We thus decided to clarify the nitrogen increase before studying the antiviral effect in an oyster-flesh matrix.

4. Conclusions

A cold atmospheric plasma generating device based on dielectric barrier discharge was highly effective in inactivating an enveloped RNA virus. Reactions of the plasma gas species proved to be the limiting factor when the CAP treatment was applied to salt water (oyster holding medium) or to oyster slurry. In both settings, reactive nitrogen species from the plasma cloud accumulated in the matrices, effectuating a drop of pH in salt water, and an increase in total nitrogen in oyster slurry.

With respect to live oysters, CAP could be used to sanitize the holding water; however, obviously, the plasma-induced pH drop has to be corrected before the water can be used in a holding tank. This might be accomplished in a circulating system, with CAP treatment outside of the holding tank, followed by pH adjustment and then redirecting the sanitized water back to the tank. In this setting, in-shell oysters would be sanitized indirectly by sanitizing the circulating holding water.

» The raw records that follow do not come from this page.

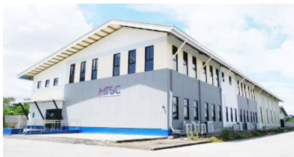
SUPPORT CENTER. This facility located in General Trias, Cavite will provide training on mold-making and accept mold-making jobs. The MTSC was funded by the Korean government and will be managed by the Department of Science and Technology.

The training may last for two months because of the various modules that participants would need to take up. (PNA)
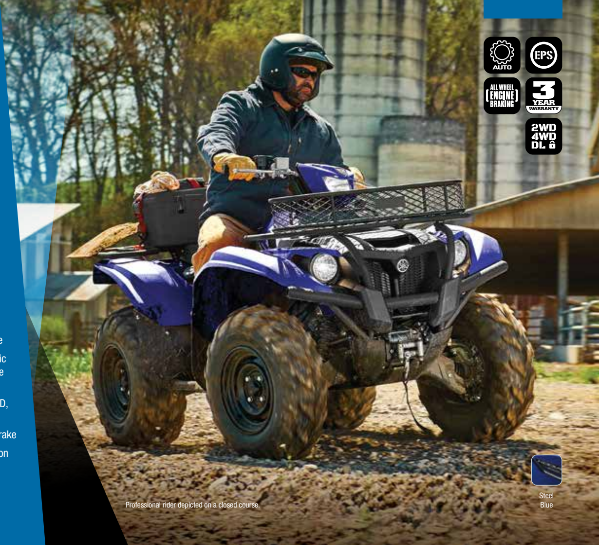
Professional rider depicted on a closed course.

Electric Power Steering (EPS) as standard
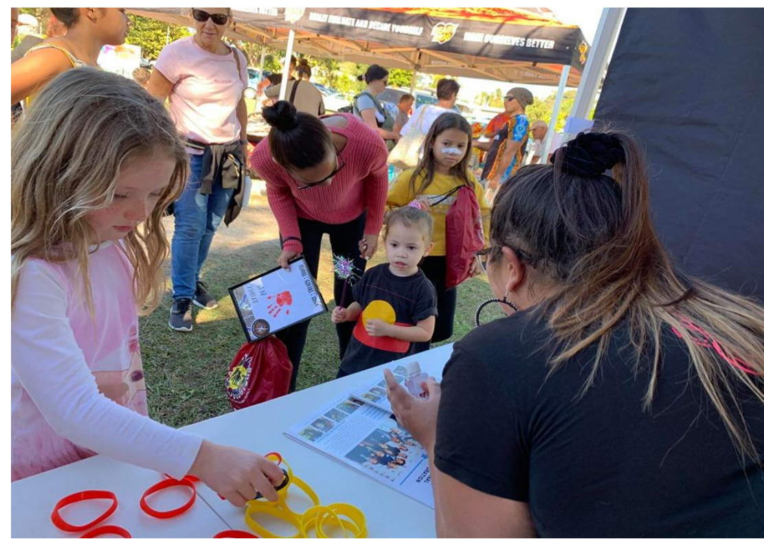
Children participating in community event in Coffs Harbour.
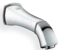
13 341 000 Bath spout ● ● ● 13 342 000 USA / Canada ● ● ●
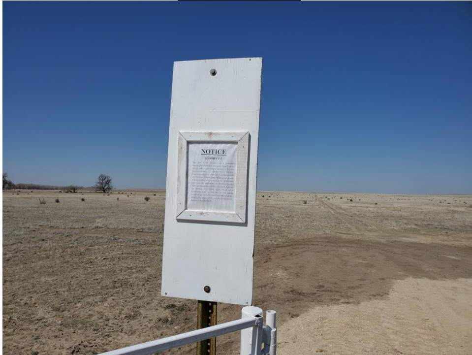
Notice Posted at Entrance
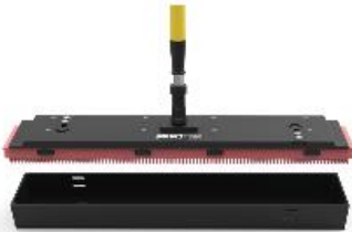
Tread-TEQ tool 80 cm (32 inch)
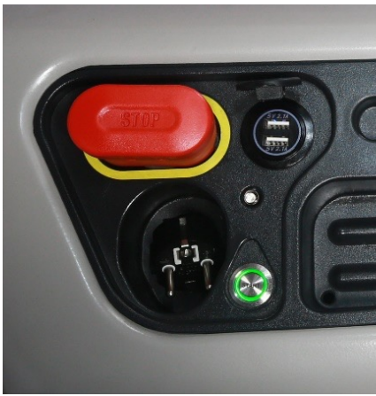
Emergency button, USB port, magnetic ignition key and charger wire in the operator's line of sight
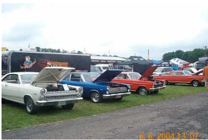
The winners: Red, White & Blue
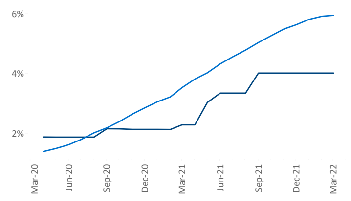
Units Under Construction as % of Stock
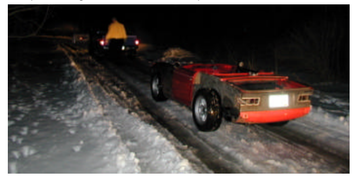
10 Inches of snow still on the ground.

is done. We had to move it from the barn to the garage to swap the engine, here are a few pics:
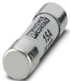
Fuse, 10.3x38 mm, up to 1000 V DC, gPV characteristics

Please be informed that the data shown in this PDF Document is generated from our Online Catalog. Please find the complete data in the user's documentation. Our General Terms of Use for Downloads are valid ( http://phoenixcontact.com/download )
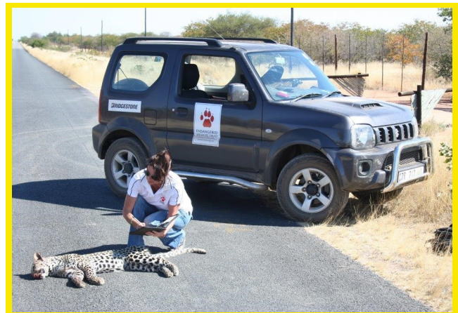
Photo 1. Example of a Leopard ( Panthera pardus ) killed in 2014 on a road within the Greater Mapungubwe Transfrontier Conservation Area

Although Leopards occur in numerous protected areas across their range, the majority of the population occurs outside of protected areas, necessitating a need for improved conflict mitigation measures, trophy hunting management, non-lethal mitigation actions, centralised monitoring of trophy harvest and quality, issuing of DCA permits as well as providing education programmes to ensure Leopards do not become locally threatened. Currently, the best conservation effect on Leopard conservation in South Africa can be made along two general fronts, namely policy development and conflict mitigation. These can be distilled into four pillars of conservation action: 1) livestock and game conflict mitigation, 2) applying sustainable trophy hunting regulations, 3) reducing the illegal trade in skins and 4) protected area expansion to create a more resilient population overall.
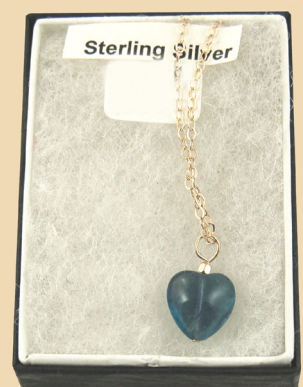
WP9 Fluorite blue heart and Sterling Silver £22
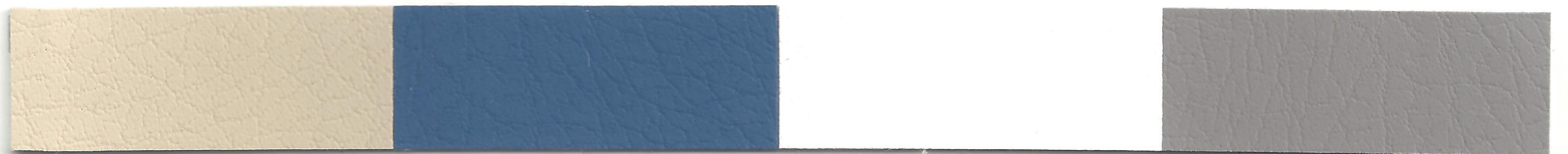
Smokey Quartz VAQ-1044

Analyses of nitrite and nitrate levels in the oyster slurry indicated that these compounds react with the oyster tissues, which raises concerns of whether such treated oysters would be either “processed” or “novel” foods according to EU legislation. We assume that this reaction involves in particular the haemocyanin compound. Further studies are suggested to explore the effects of nitrite on live oysters.